_Data segment_:
════════

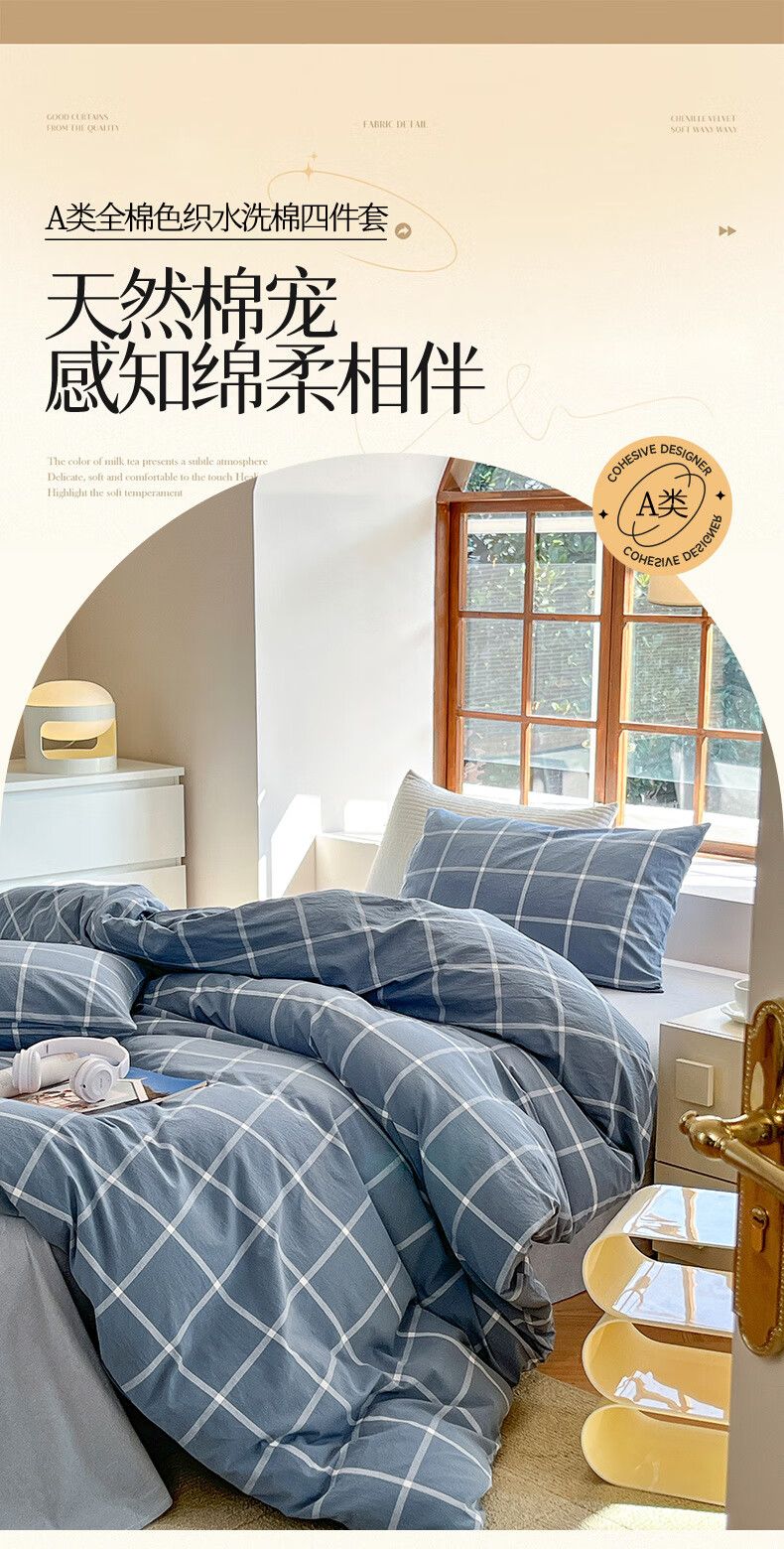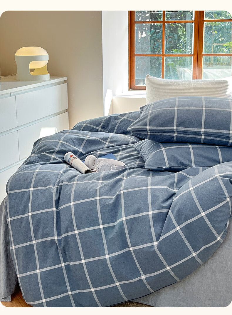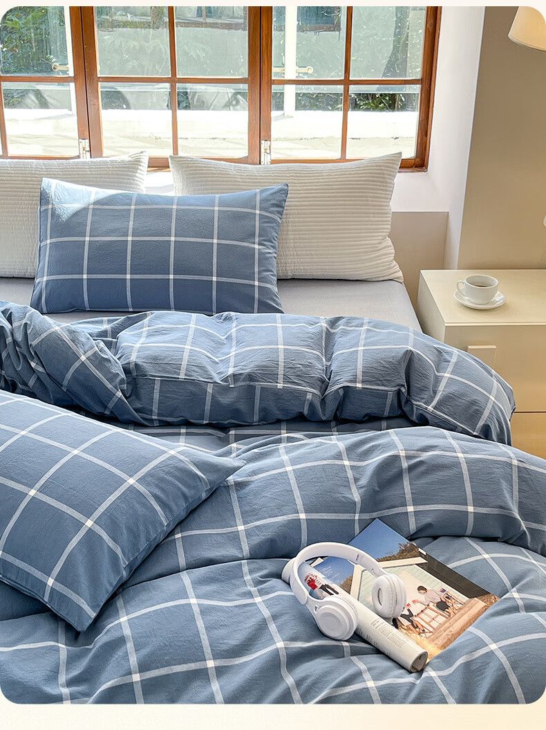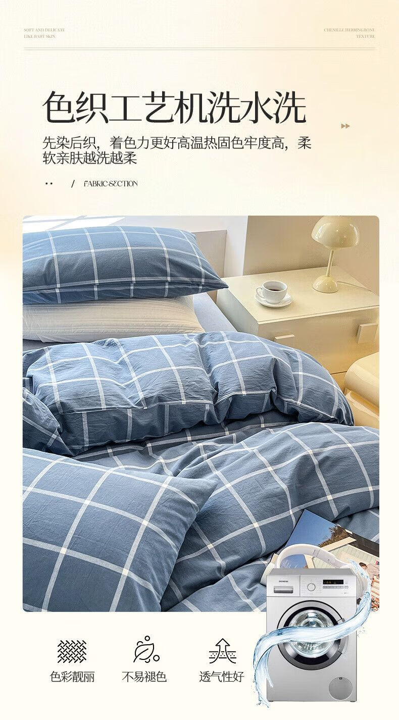 Yingyinguo four-piece bed set Japanese-style yarn-dyed washed cotton unprinted style sheets and fitted sheets bedding
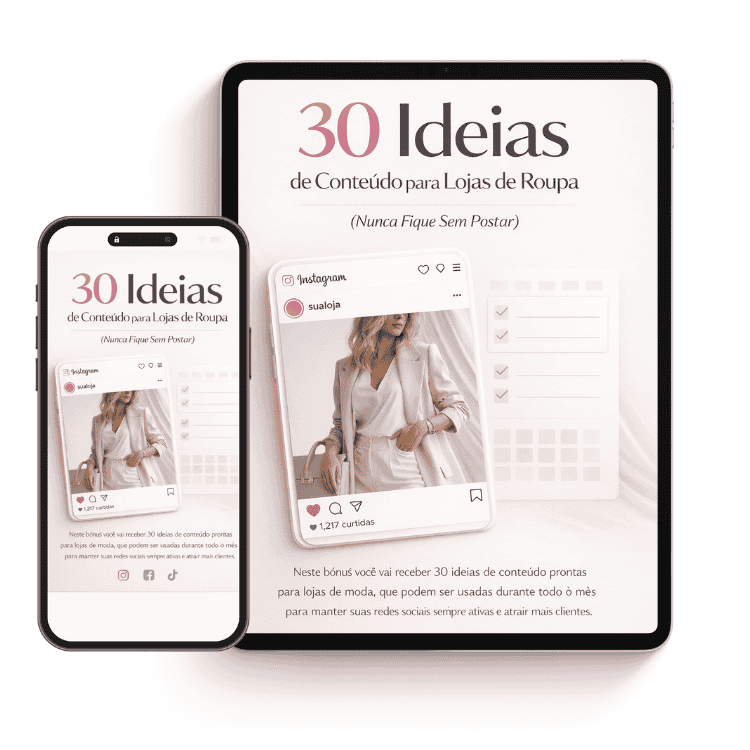 Neste bônus você vai receber 30 ideias de conteúdo prontas para lojas de moda, que podem ser usadas durante todo o mês para manter suas redes sociais sempre ativas e atrair mais clientes.
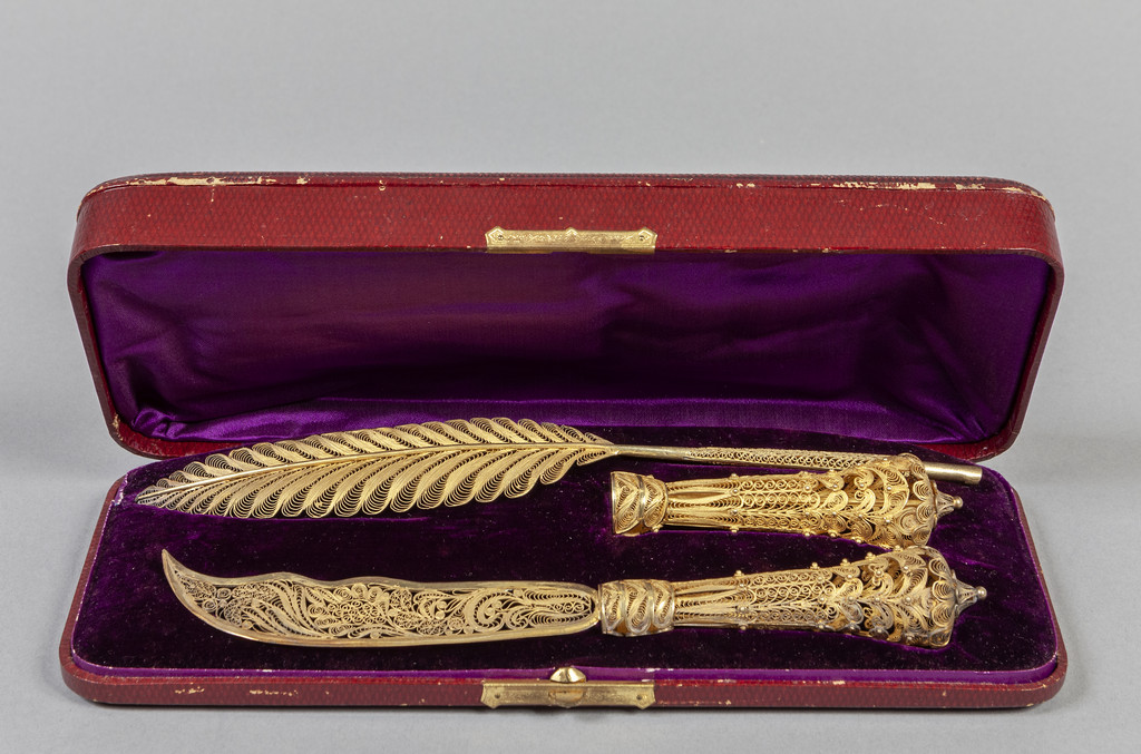Servizio da scrittoio in filigrana d'argento vermeille inizi sec.XX
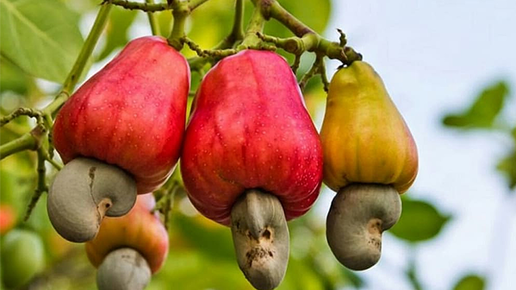 Кешью – теплолюбивое дерево с толстым извилистым стволом и раскидистой кроной. В высоту оно может достигать 15–20 метров. Плоды кешью, по сути, состоят из двух частей: так называемого яблока кешью и ореха. Яблоко кешью – это грушевидная раздутая цветоножка желтого, оранжевого или красного цвета, длиной 7–10 см и около 5 см в диаметре. Это мясистый, очень сочный плод с кисло-сладким вяжущим вкусом. На конце этого яблока находится орех в твердой скорлупе, похожий на миниатюрную боксерскую перчатку, который по мере созревания приобретает темно-зеленый или коричневатый цвет...

════════

_What the task asks_: Write out exactly the lines that run from the top of the listing above to the line containing "Servizio da scrittoio", both ends included. Omit every picture.

_Response area_:
 Yingyinguo four-piece bed set Japanese-style yarn-dyed washed cotton unprinted style sheets and fitted sheets bedding
 Neste bônus você vai receber 30 ideias de conteúdo prontas para lojas de moda, que podem ser usadas durante todo o mês para manter suas redes sociais sempre ativas e atrair mais clientes.
Servizio da scrittoio in filigrana d'argento vermeille inizi sec.XX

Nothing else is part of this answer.